VPP tips

VPP tips

1. The performance comes from.

Original link:

http://www.360doc.com/content/18/0428/20/53742993_749517107.shtml

https://steeven.iteye.com/blog/2347150  DPDK code level performance optimization summary

https://www.jianshu.com/p/346bf99b2fb1

https://www.jianshu.com/p/ed914b24f6da

https://blog.csdn.net/Dgh19940/article/details/79603843 

 

Architecture angle: DPDK huge page , NUMA , D-Cache optimization, the VPP the I-cache optimization ;

Algorithms angle: Bihash , look-up table Lockless ;

Code angle: the Vector , macro constructor , structure cacheline alignment , threaded tie core , the instruction prefetch instruction optimization;

 

2. Route Lookup

https://blog.csdn.net/dog250/article/details/6596046

Internet routing Overview of routing table lookup algorithm - hash / LC-Trie tree / 256-way-mtrie tree

3.  __constructor__ modifier

Through a simple example to introduce gcc 's __attribute__ ((constructor)) the role of the property. gcc allowed to function __attribute__ ((constructor)) and __attribute__ ((destructor)) two attributes, the name suggests, it is to be modified as a function of a constructor or destructor. The programmer can set these properties as a function of something like the following manner:  

void funcBeforeMain() __attribute__ ((constructor));

void funcAfterMain() __attribute__ ((destructor));

4.unlikely

CPU is executing the program pipeline mode instructions. The so-called pipeline, can be simply understood as a while executing instructions, the next instruction is read. For the program appeared in large numbers if else while for:? And other scenarios contain conditional judgment, the CPU need to be able to extract the correct next instruction so that the pipeline can be smoothly implemented. Once extracted the wrong branch of instruction, while not affecting the results of the program to run, but the whole line will be cleared and re-read the correct branch instruction, a lot of influence on the process efficiency.
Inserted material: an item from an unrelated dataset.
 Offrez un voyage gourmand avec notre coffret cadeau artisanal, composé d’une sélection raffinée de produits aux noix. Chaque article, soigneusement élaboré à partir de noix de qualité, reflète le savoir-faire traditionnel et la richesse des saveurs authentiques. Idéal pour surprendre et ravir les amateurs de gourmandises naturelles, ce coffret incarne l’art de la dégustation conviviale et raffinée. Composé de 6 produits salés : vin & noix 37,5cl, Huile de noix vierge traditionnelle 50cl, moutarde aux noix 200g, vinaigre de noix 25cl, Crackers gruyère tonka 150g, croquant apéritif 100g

CPU generally hardware branch prediction, but we can also use likely () / unlikely () , etc. displays specified Also in the design process are also of the branch determination has a certain regularity as well, such as an ordered set the input data.

To minimize Branch mispredication impact on performance, as can be converted to some common branch determines Branchless form.
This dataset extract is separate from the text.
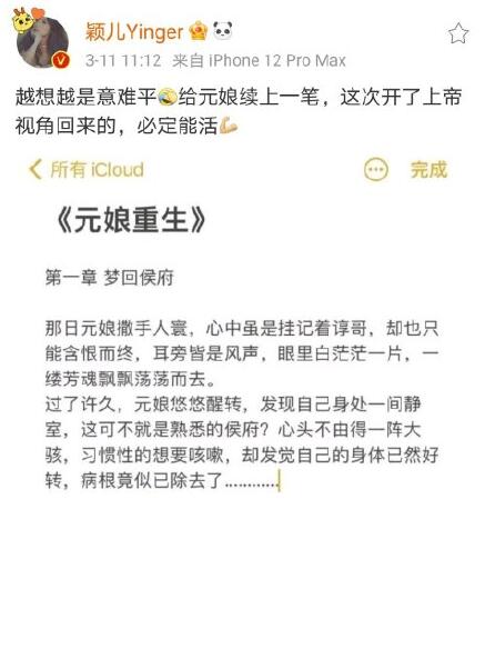 颖儿给元娘续写结局 网友大呼“太可爱了!”
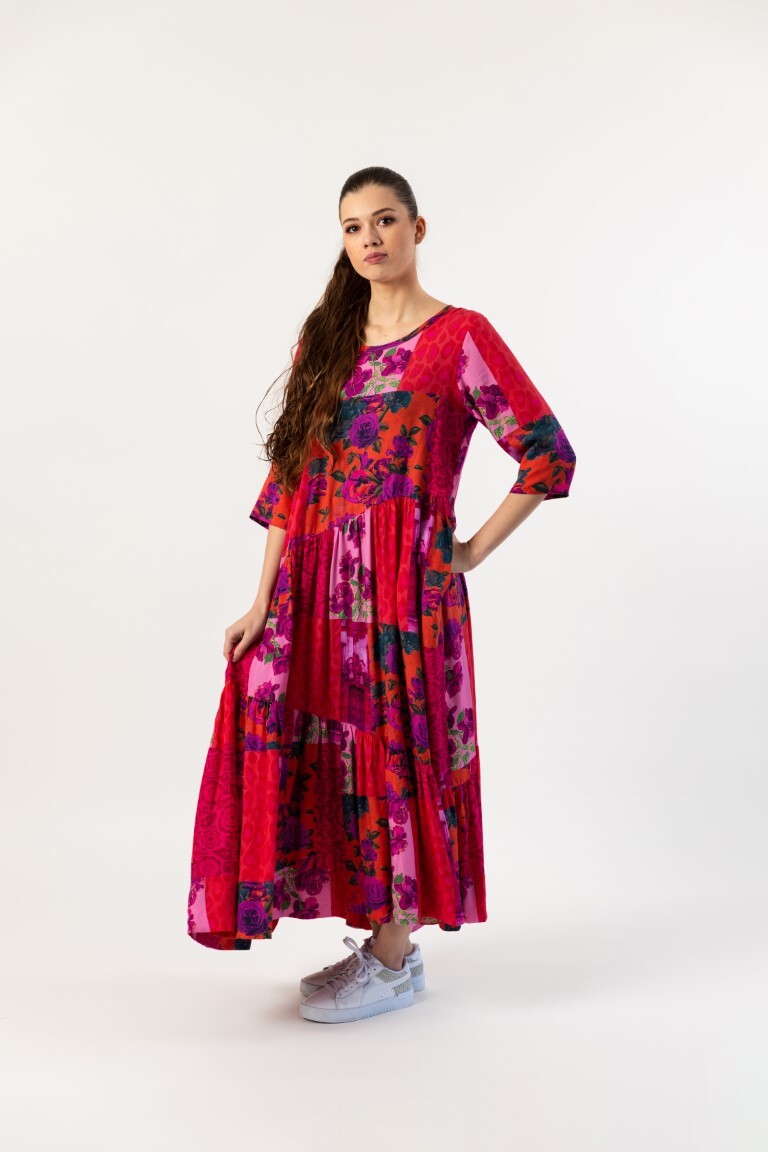 This easy wearing dress features an angle gathered panel through the front and back to add fullness and freedom. The drape of this 100% rayon falls and hangs beautifully over the body – fabric printed exclusively for Jellicoe, there are so many reasons to make this part of your winter collection.

Links: https://www.jianshu.com/p/ed914b24f6da

 

__builtin_expect Long (exp Long, Long C) ; !! (C) effects a Boolean value is obtained, the function effect is better branch prediction; use LIKELY () , performed if a greater chance of the following statements, using Unlikely () , executed else a better chance behind the statement of principle "It optimizes things by ordering the generated assembly code correctly, to optimize the usage of the processor pipeline. to do so, they arrange the code so that the likeliest branch is executed without performing any jmp instruction (which has the bad effect of flushing the processor pipeline). "

Mainly the branch prediction error, a jump instruction will bring a lot of performance decline. why? From "in-depth understanding of computer systems," the removal of the book, P141: " On the other hand, requires a jump prediction error processor lose it for all the instructions after the jump instruction of work has been done, and then started from the correct position at the start instruction to fill the pipeline, waste in approximately 20 ~ 40 clock cycles " ; understood that a reference to the first end of the assembly code level reference herein.

 

Links: https://www.jianshu.com/p/346bf99b2fb1

 

5. Giant Page hugepage

https://www.cnblogs.com/small-office/p/9766536.html   tied with nuclear giant page

https://www.cnblogs.com/031602523liu/p/10537694.html  UIO, giant page, CPU affinity, NUMA Profile

https://blog.csdn.net/qq_33611327/article/details/81738195  mmap analysis

The system can support large pages, support for large page size for the number of processors used by its decision.

After the large pages reserved, the next question involves use. DPDK use HUGETLBFS to use large pages. First, it needs to mount a large page to a path such as / mnt / Huge , or / dev / hugepages / , next time DPDK run, will use the mmap () system call the big page mapped to the virtual address of the user state space, then you can normally use.

Since DPDK is run in user space, while the giant pages in kernel mode, and therefore by mmap enables fast access to user space to kernel space.

6.  the CPU affinity

https://www.cnblogs.com/031602523liu/p/10537694.html

pthread_setaffinity_np  set of threads run at a specific CPU on nuclear

CPU affinity is cpu affinity mechanism, refers to the process specified in the CPU as long as possible without being migrated to run on other processors , can be mapped to a physical processor virtual processor by the associated processor on a program that is bound to put a physical CPU on.

And running on multi-core machines, each CPU itself will have its own cache, the cache information used by the process, and the process may be OS dispatched to other CPU on, so, CPU Cache hit rate is low. When a process or thread is bound CPU , the program will have been designated cpu to run, not dispatched by the operating system to another CPU , the reduction of the Cache Miss , improving performance and efficiency.

7. D-cache & I-cache

7.1 I-Cache

VPP processed as a group message, to solve I-cache jitter problems.

7.2  D-Cache

Original link: https://blog.csdn.net/Dgh19940/article/details/79603843  DPDK in Cache Optimization

1 ) Write to memory receiving descriptor, pointer to data buffer is filled, the card receives a packet according to the address after the filling into the message contents.

2 ) receive descriptor is read from memory (when the received packet, updates the card structure) (memory read), to confirm whether the packet is received.

3 ) From the receipt confirmation receive descriptor packet, the read pointer control structure from memory, and then read from memory control structure, the padding information read from the reception to the control descriptor structure (memory read).

4 ) updating a receive queue register indicating the software has received a new message.

5 ) reads the packet headers from memory (memory read), decided to forward the port.

6 ) from the control structure of the message information filled into transmit queue descriptor transmission, the transmission queue update register.

7 ) read transmit descriptor (memory read) from memory, check the hardware packet is sent out.

8 ), if any, is read from the memory corresponding control structure (memory read), the data buffer is released.

It can be seen that a packet processing process, requires 6 times read memory (above (memory read)).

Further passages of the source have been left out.